Basically, I have a bunch of packets (can think of them as all being 50-60 byte char arrays; all ) coming in, with a guaranteed unique key of timestamp. I want to store them in FIFO order (order of increasing timestamp), and want two kinds of operations to be really fast:
1. Retrieve the packets with the lowest 3 timestamps (so valueofMinKey(), 3 times), and remove them from the queue (basically a priority queue)
2. Occasionally, we will jump into a packet by some *alternate* key (say, first 5 bits of the packet, which is also guaranteed to be unique for a subset of the elements) and change the rest of its data, *without* modifying the timestamp (basically I need a secondary key that maps into the packets, allowing me to change the rest of its data at will without modifying its primary key).

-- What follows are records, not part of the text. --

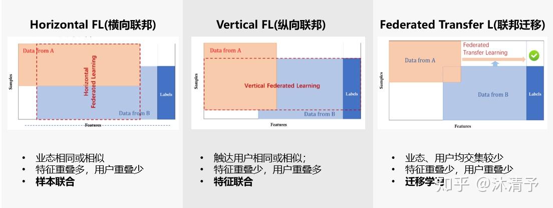 我们把每个参与共同建模的企业称为参与方,根据多参与方之间数据分布的不同,把联邦学习分为三类:横向联邦学习、纵向联邦学习和联邦迁移学习。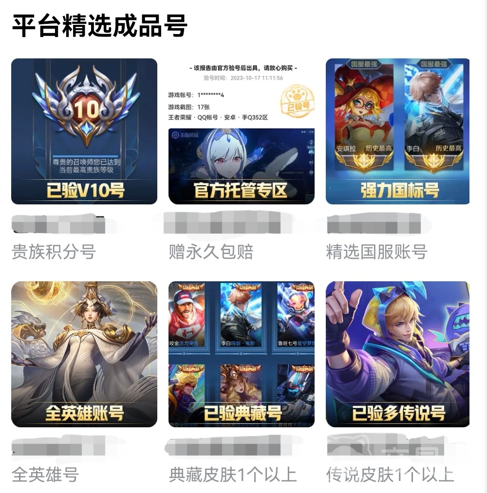 種類豐富。平臺(tái)當(dāng)中有著非常多的游戲類型,尤其王者榮耀已經(jīng)算是當(dāng)下市場(chǎng)上比較熱門的一個(gè)游戲了,所以想要購(gòu)買到王者榮耀賬號(hào)對(duì)于交易貓平臺(tái)真是小菜一碟,通過篩選功能以及各種操作來快速找到你想要的游戲賬號(hào),多種賬號(hào)類型數(shù)量數(shù)不勝數(shù),包括了自抽號(hào)、成品號(hào)、高級(jí)賬號(hào)和滿級(jí)賬號(hào)等,為大家提供更多資源的同時(shí)還把價(jià)格降到了最低。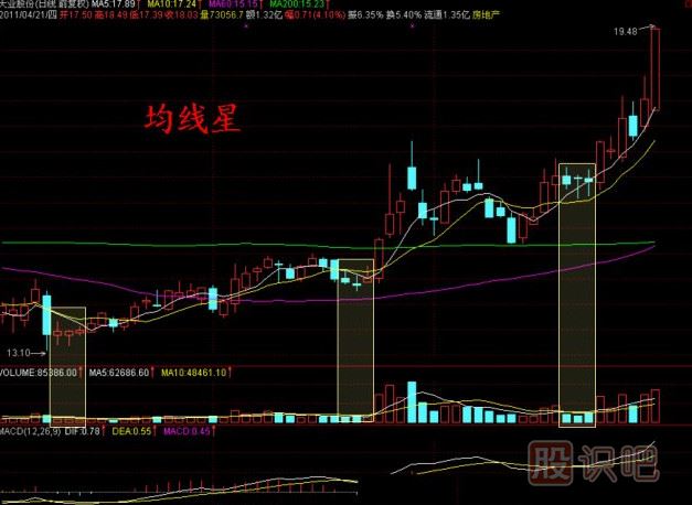 四、均線星:在底部均線系統(tǒng)剛修復往上的時候,往往會在均線附近收一個陰或者陽十字星,這是多空力量平衡的一種表示,但發(fā)生在底部,第二天極容易出現反彈或者往上突破,這是一種不引人注目的形態(tài)。底部均線十字星。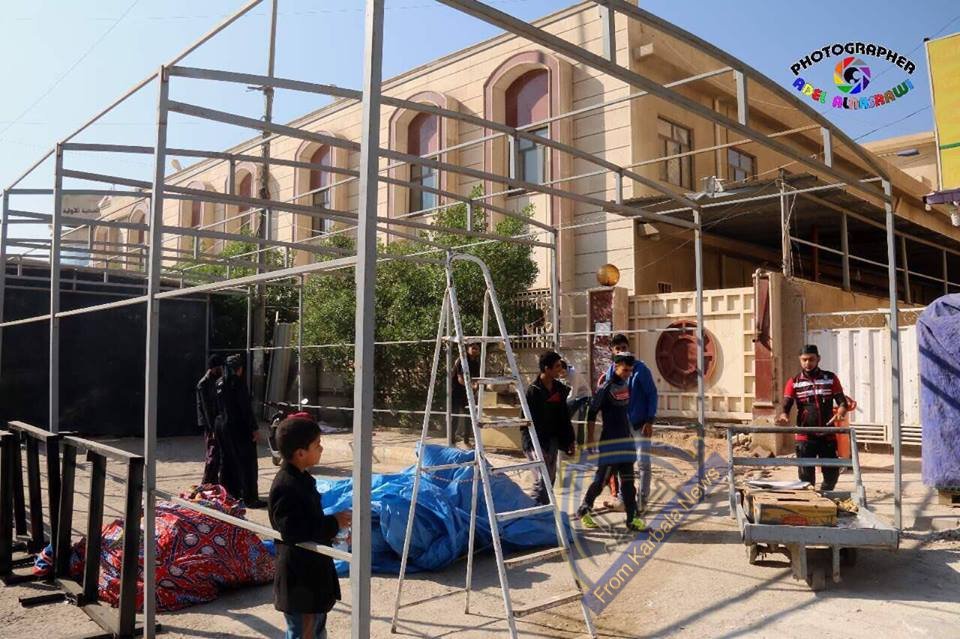 العتبة الحسينية تنصب قواطع المنيوم لتخفيف زخم زائري الاربعينية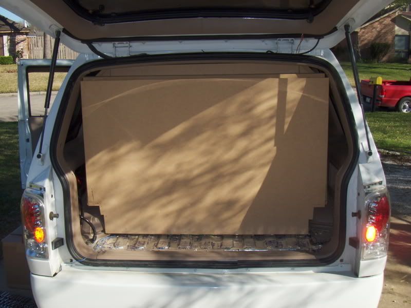 currently i have a tsunami 4gauge wiring kit with tsunami 4 gauge battery terminals going to a tsunami 2farad capacitor. mtx thunder elite 801d amp and mtx dual 7512 sledgehammer loaded enclosure. also have mtx components in the front doors and coaxials in the back running off a thunder elite 404 amp. pioneer premier 780mp head unit with tsunami rca's. i previously had the car gutted and sold the rear seats and rear carpet and everything. so when i put the system in, i need something to set the subs on. cut this board just to fit in there and keep the subs sitting on something; so dont hate because of it. i know it doesnt fit great, and thats getting changed.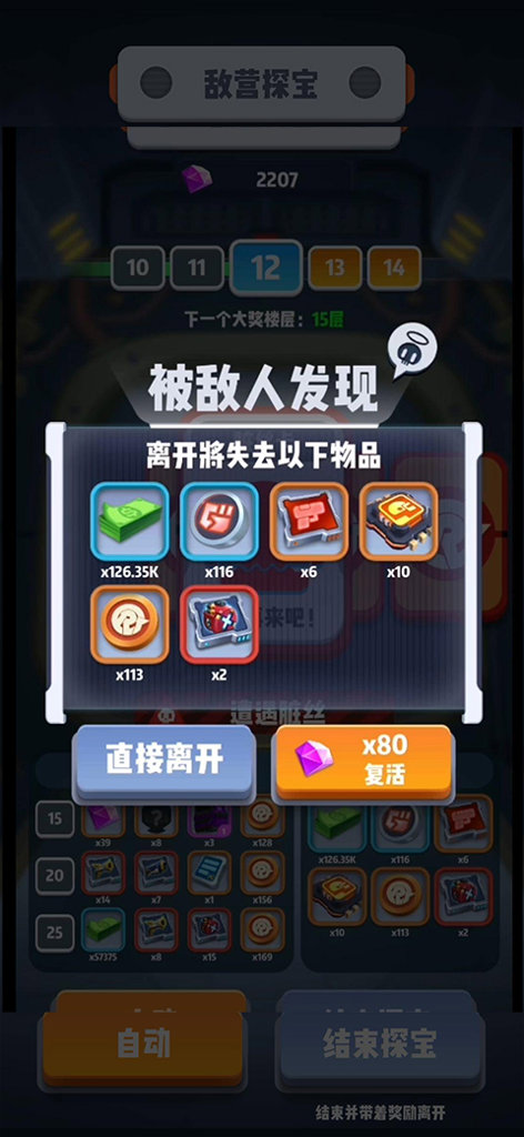 在每一轮敌营探宝玩法中,特工都拥有三次免费复活的机会,观看广告即可免费复活。当三次免费复活次数用尽后,特工可选择支付钻石进行复活,首次复活费用为80钻石,后续复活价格将不断增加。
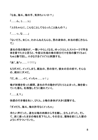 寝ている彼女のすぐ横で、親友に乳首を弄ばれ咥えさせられ犯される背徳NTR。屋上での野外エッチ、温泉旅行での寸止め調教、逃げ場のない快楽に堕ち、彼女を抱けなくなった体は親友の極太チンポを求め喘ぐ――全編エロ責め尽くしのNTR調教BL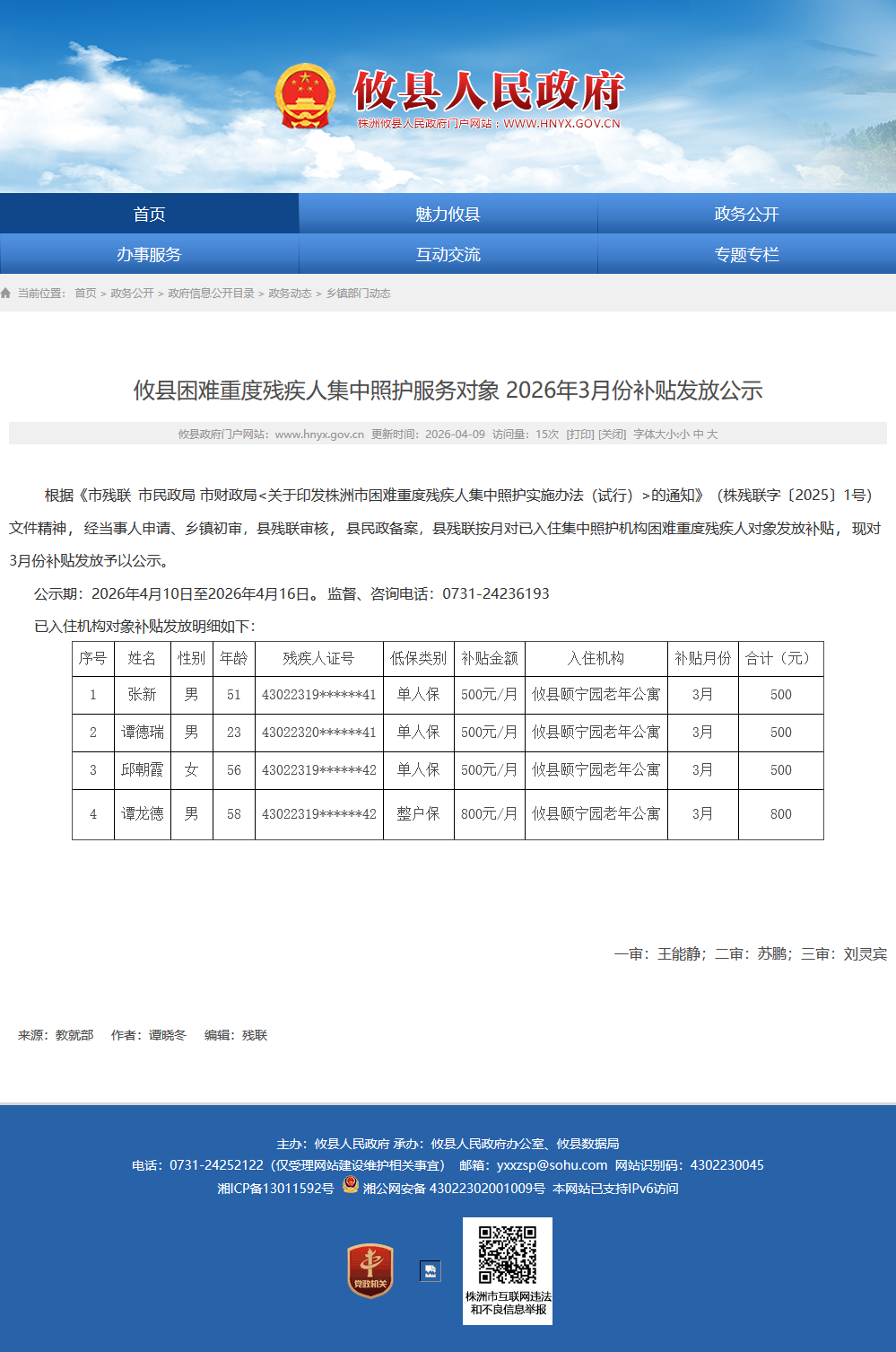 根据《市残联 市民政局 市财政局<关于印发株洲市困难重度残疾人集中照护实施办法(试行)>的通知》(株残联字〔2025〕1号)文件精神,经当事人申请、乡镇初审,县残联审核,县民政备案,县残联按月对已入住集中照护机构困难重度残疾人对象发放补贴,现对3月份补贴发放予以公示。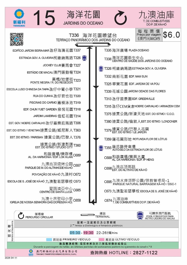 4月11日起,由現時15、15S及15S1路線合併的新15路線將以往返海洋花園及九澳村的路線運作,班次頻率將加密到22至26分鐘(詳情可參閱附圖1、2及3)。當中,將新增往來九澳高頂馬路及九澳油庫的行程,同時,前往路環市區、竹灣、黑沙等區域的乘客,則可透過轉乘其他路線繼續行程(詳情可參閱附圖4)。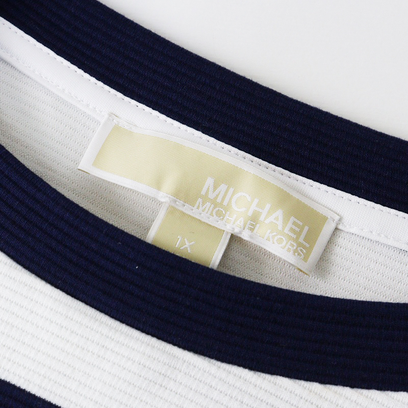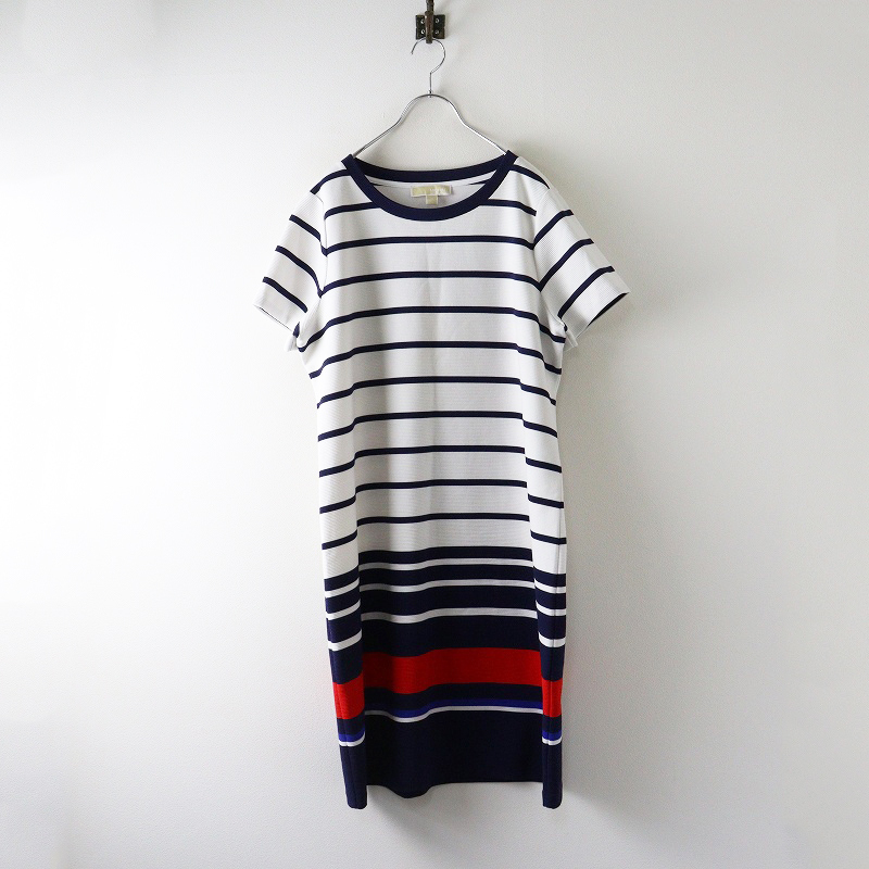 大きいサイズ マイケルコース MICHAEL KORS トリコロールカラーボーダー ストレッチワンピース 1X ホワイト┃【2400014669046】 收藏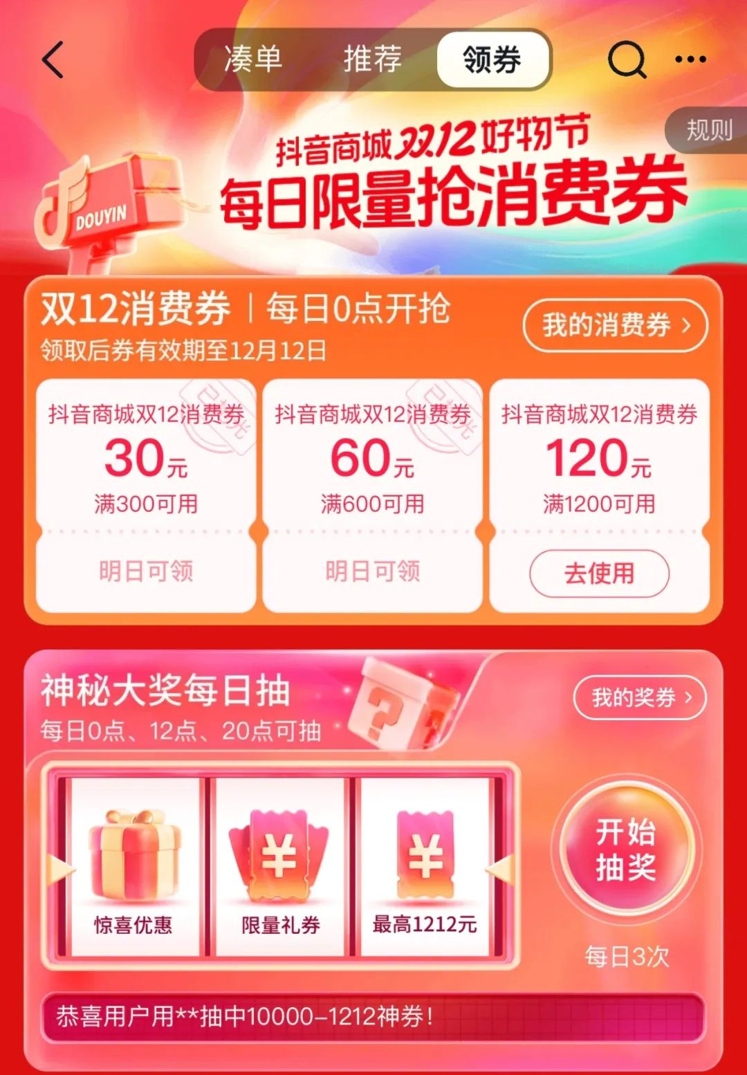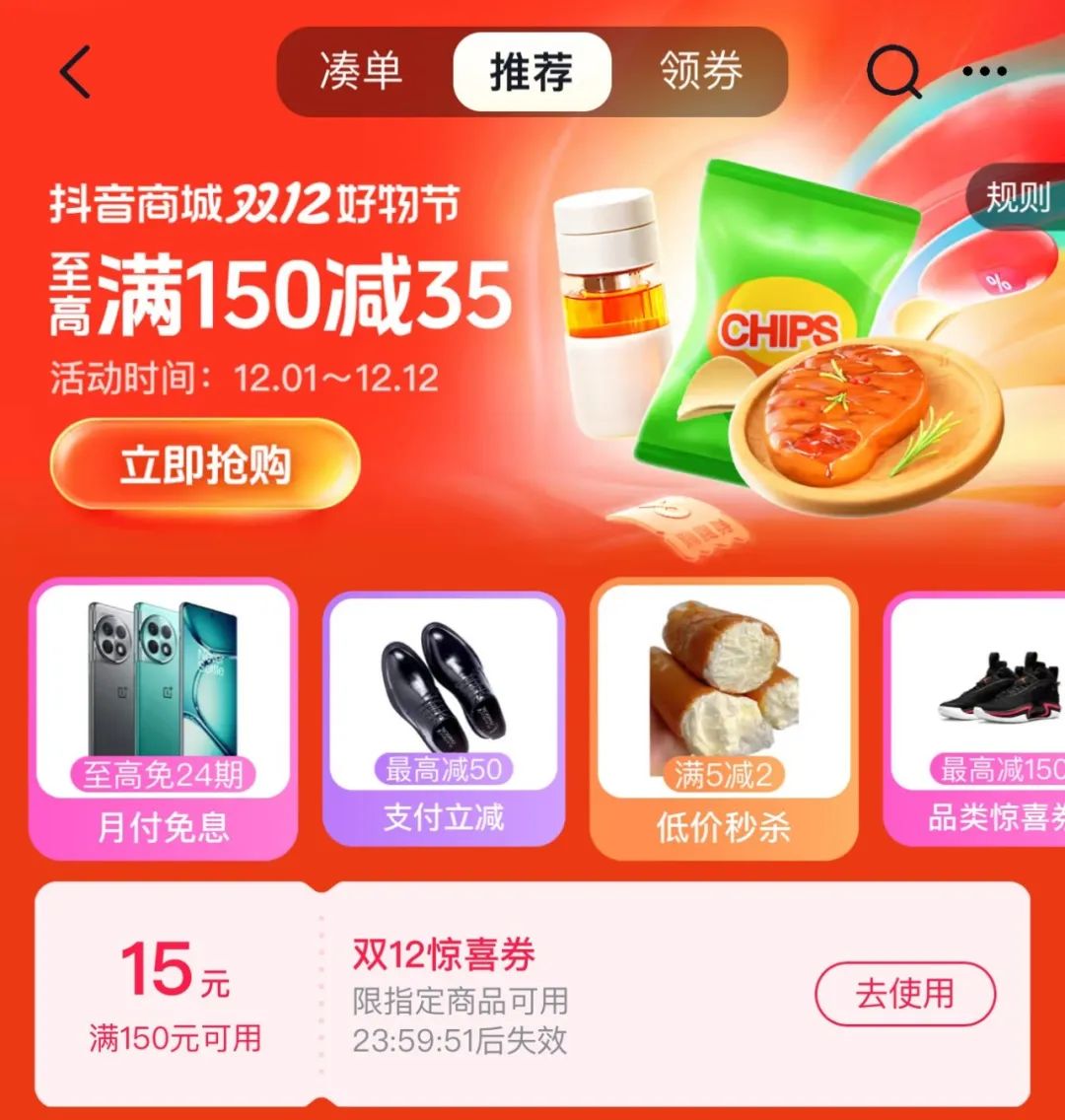 “記得領(lǐng)消費(fèi)券!痹谌豪锾嵝淹昱笥,手機(jī)時(shí)間剛好走過(guò)零點(diǎn),明笑打開(kāi)抖音,點(diǎn)開(kāi)商城,雙十二活動(dòng)的相關(guān)主頁(yè)映入眼簾,在“雙12消費(fèi)券”界面,三張消費(fèi)券整齊排列著,等待著她的領(lǐng)取。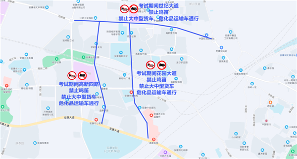 2023年普通高校招生考試(以下簡(jiǎn)稱“高考”)將于6月7日至6月8日舉行,為保證廣大考生的交通安全及考點(diǎn)周邊的交通秩序,給考生創(chuàng)造良好的考試環(huán)境,確保考試順利進(jìn)行。根據(jù)《中華人民共和國(guó)道路交通安全法》及相關(guān)法律法規(guī),安康市公安局高新分局交通管理大隊(duì)決定在考試期間對(duì)高新區(qū)部分道路實(shí)施交通管制措施,現(xiàn)將具體內(nèi)容通告如下:

What's the best way of doing this in C++? Should I keep 2 tables?.. or perhaps store a map from long ints (timestamps) to char*'s, or string*'s but at the same time keep another fixed array of 32 string*'s pointing to the same objects which I can modify ever so often? Is there a cleaner, faster design to maintain a priority queue which has a secondary (albeit small, 5 to 6-bit key, which can therefore have a maximum of only 32 or 64 different values)?
October 2nd, 2013, 12:49 PM
I would suggest a simple std::list to begin with, and get something working.
Before you start inventing exotic data structures, you'll need
- a finished program
- some real world test data
- and a profiler.
Only then can you work out where the real hot spots are (and not some random guess - these are almost always way off base).
Having found a hotspot, you can make careful small changes to improve things. Since you have a working program and some test data, you can quickly determine
- whether your change still works
- whether it is an improvement
If it's a simple change with a big win, you'll probably want to keep it.
If it's a complicated change (think on-going maintenance) for little benefit, you might want to discard it.